On second thought this is probably no good. Energizing the 24V coil of the RIB would be like pressing start and stop at the same time.


----------



## WronGun (Oct 18, 2013)

splatz said:


> On second thought this is probably no good. Energizing the 24V coil of the RIB would be like pressing start and stop at the same time.


I contacted the supervisor. 

He said there are 3 identical RTU’s with same wiring and I’ll be able to look at the other 2 to figure this one out. This may speed up the process. 

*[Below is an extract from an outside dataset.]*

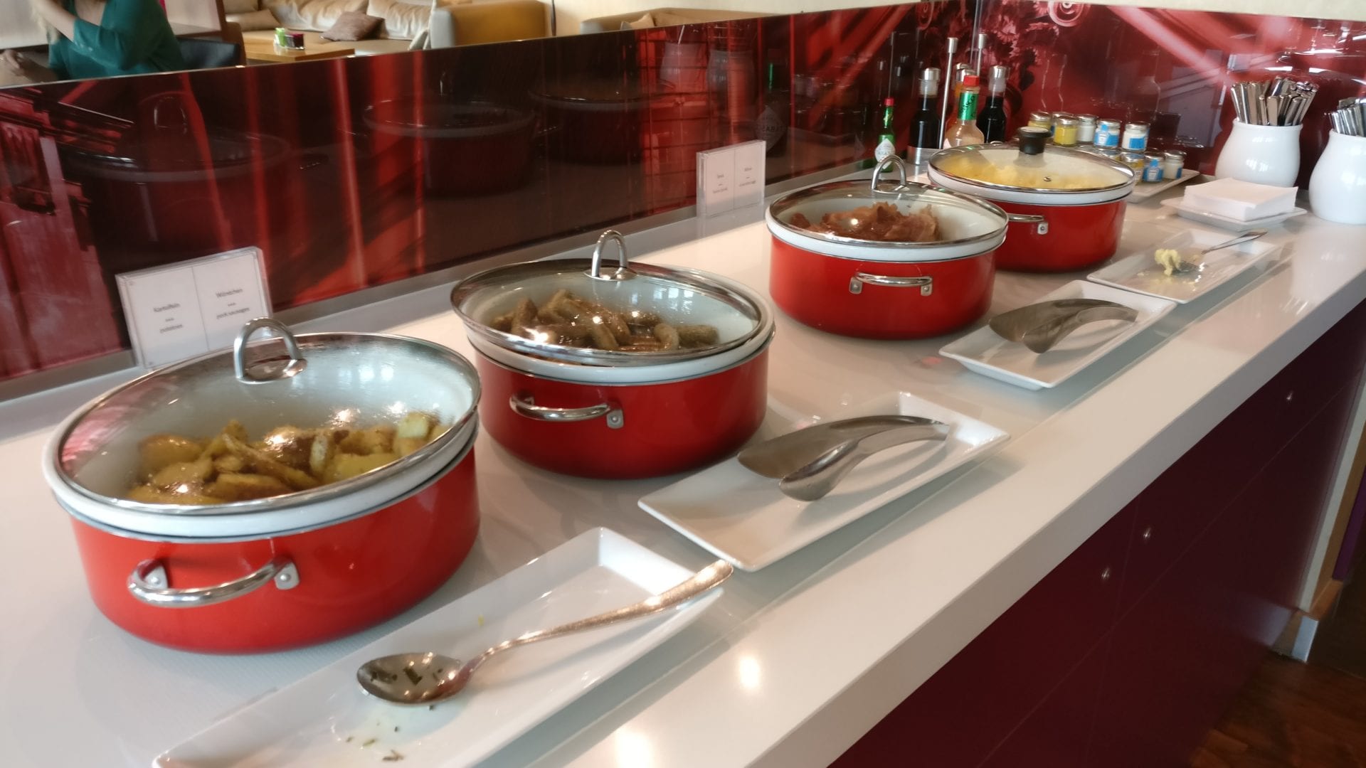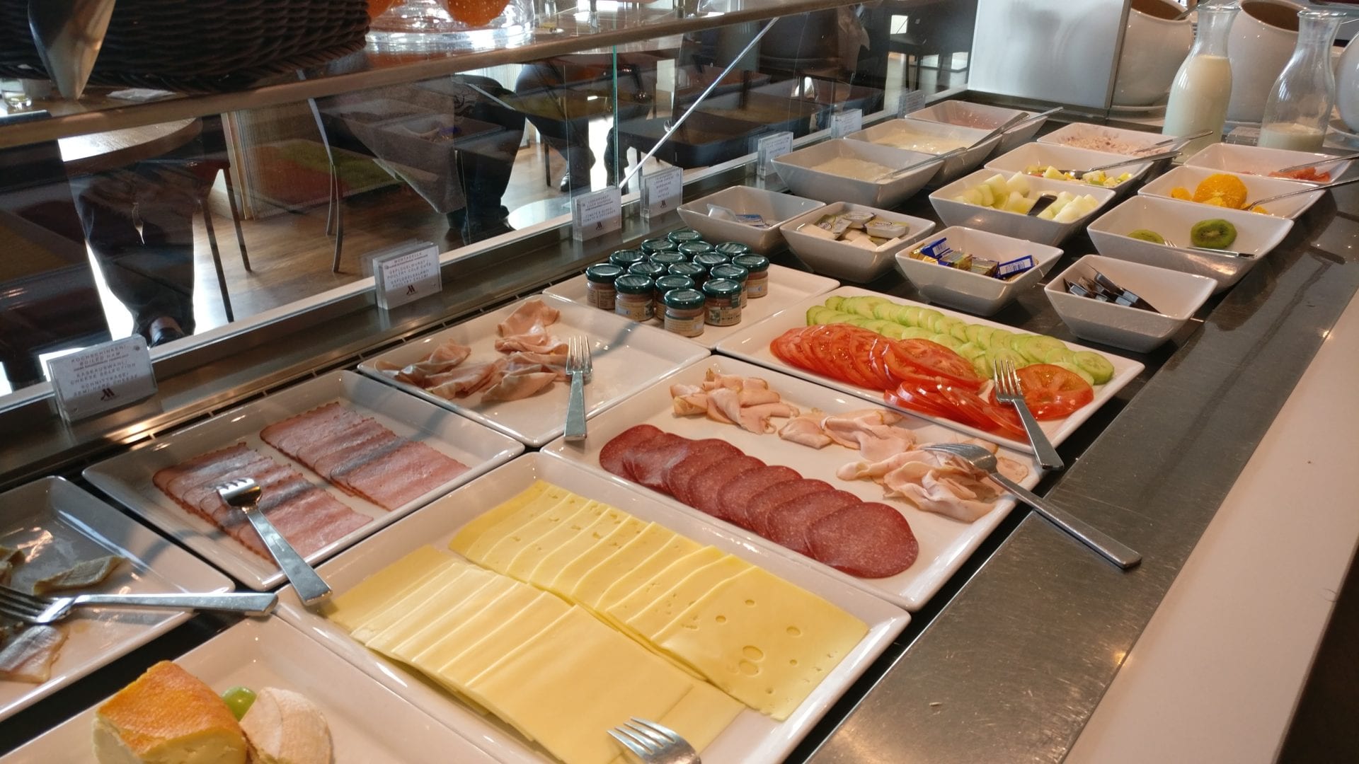 Dazu gibt es eine gute Auswahl an Getränken und eine Kaffeemaschine, die den ganzen Tag über bereit steht. In Sachen Verpflegung verändert sich das Angebot über den Tag. Morgens wird das Frühstück serviert, das mit mehreren warmen Optionen und einem auch ansonsten sehr ordentlichen Buffet überzeugt. Frische Eierspeisen können auch bestellt werden, kommen dann aber aus der Hauptküche des Restaurants im Erdgeschoss, sodass die Mitarbeiter kein sonderlich großer Freund von solchen Bestellungen sind.
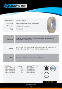 Sterk tape med god vedheft. Langsgående og tverrgående glassfiberarmering. Limet er syntetisk gummi.

Sent from my iPhone using Tapatalk


----------



## just the cowboy (Sep 4, 2013)

WronGun said:


> I contacted the supervisor.
> 
> He said there are 3 identical RTU’s with same wiring and I’ll be able to look at the other 2 to figure this one out. This may speed up the process.
> 
> ...


I'll repeat draw it out, this is something you need to improve on. 
If you don't have my book here it is. Whole section on prints


----------



## WronGun (Oct 18, 2013)

It was 2 and 3 on the contacts. The rib goes to a Tstat. Used common and n/o on rib capped the n/c. 

Tested and all worked. 


Sent from my iPhone using Tapatalk


----------



## Almost Retired (Sep 14, 2021)

2 and 3 makes perfect sense, the industry standard for seal in contacts for motor starters


----------